> **Data records**:
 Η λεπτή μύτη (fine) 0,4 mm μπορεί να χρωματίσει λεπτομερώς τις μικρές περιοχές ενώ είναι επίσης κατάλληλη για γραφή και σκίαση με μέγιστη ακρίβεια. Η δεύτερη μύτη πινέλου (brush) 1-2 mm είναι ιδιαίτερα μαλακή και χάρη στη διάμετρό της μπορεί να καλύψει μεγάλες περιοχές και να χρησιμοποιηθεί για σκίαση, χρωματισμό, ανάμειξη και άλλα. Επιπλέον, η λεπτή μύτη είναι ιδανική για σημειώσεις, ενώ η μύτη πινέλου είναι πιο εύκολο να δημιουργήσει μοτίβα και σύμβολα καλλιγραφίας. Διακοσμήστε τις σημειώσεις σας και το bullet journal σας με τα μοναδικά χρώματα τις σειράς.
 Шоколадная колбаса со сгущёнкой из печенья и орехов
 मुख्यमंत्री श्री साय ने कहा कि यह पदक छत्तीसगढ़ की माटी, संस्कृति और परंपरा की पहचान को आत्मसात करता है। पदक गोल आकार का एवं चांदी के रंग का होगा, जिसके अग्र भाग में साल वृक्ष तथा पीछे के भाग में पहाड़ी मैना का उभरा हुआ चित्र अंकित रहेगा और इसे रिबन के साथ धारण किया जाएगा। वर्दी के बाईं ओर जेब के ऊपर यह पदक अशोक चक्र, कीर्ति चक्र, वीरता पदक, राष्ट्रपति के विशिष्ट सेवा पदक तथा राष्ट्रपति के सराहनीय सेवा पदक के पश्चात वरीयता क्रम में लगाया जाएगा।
* * *
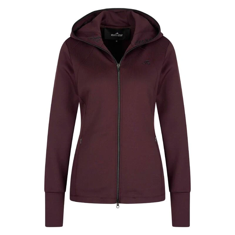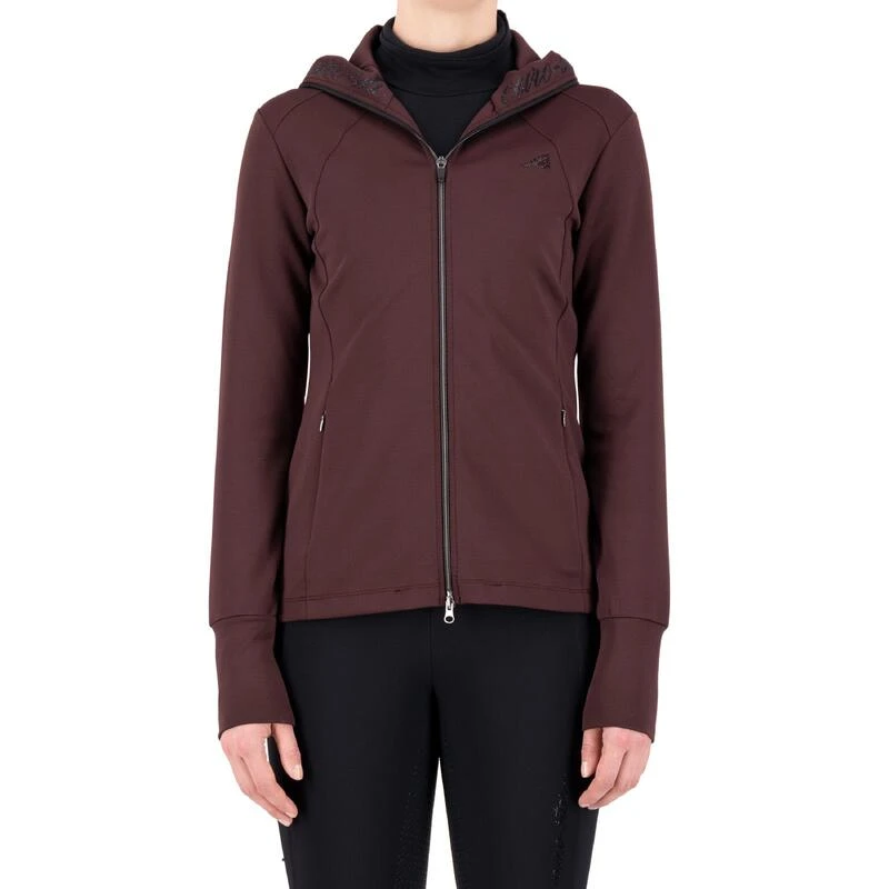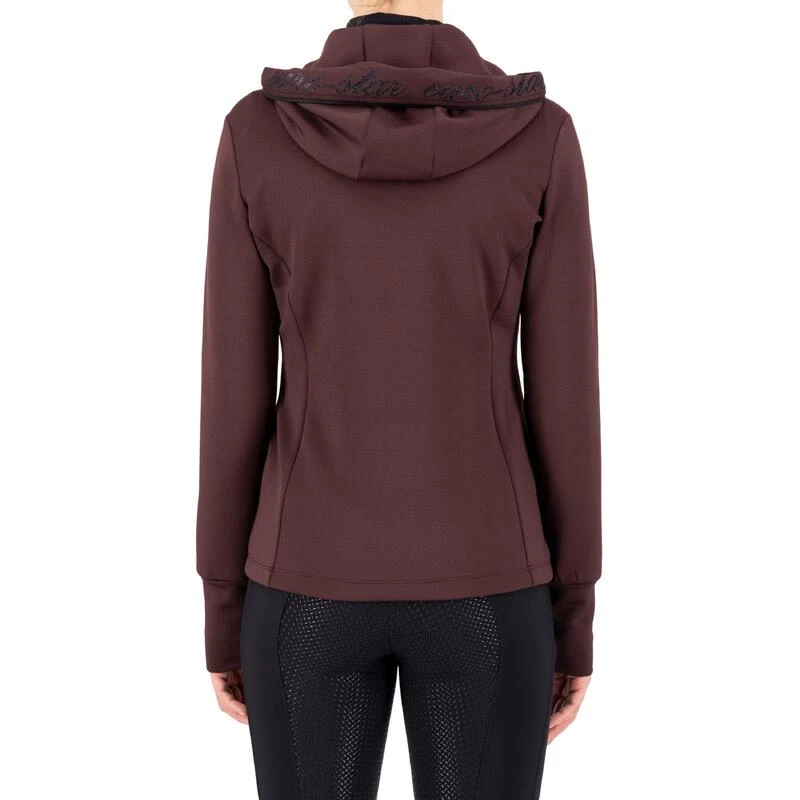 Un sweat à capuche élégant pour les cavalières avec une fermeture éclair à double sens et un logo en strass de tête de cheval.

> **Try it**: The stretch of entries above that starts with the line containing "Шоколадная колбаса со" and goes on through the line containing "मुख्यमंत्री श्री साय" is to be transcribed exactly, and no other line is to be transcribed.

> **Exercise solution**:
 Шоколадная колбаса со сгущёнкой из печенья и орехов
 मुख्यमंत्री श्री साय ने कहा कि यह पदक छत्तीसगढ़ की माटी, संस्कृति और परंपरा की पहचान को आत्मसात करता है। पदक गोल आकार का एवं चांदी के रंग का होगा, जिसके अग्र भाग में साल वृक्ष तथा पीछे के भाग में पहाड़ी मैना का उभरा हुआ चित्र अंकित रहेगा और इसे रिबन के साथ धारण किया जाएगा। वर्दी के बाईं ओर जेब के ऊपर यह पदक अशोक चक्र, कीर्ति चक्र, वीरता पदक, राष्ट्रपति के विशिष्ट सेवा पदक तथा राष्ट्रपति के सराहनीय सेवा पदक के पश्चात वरीयता क्रम में लगाया जाएगा।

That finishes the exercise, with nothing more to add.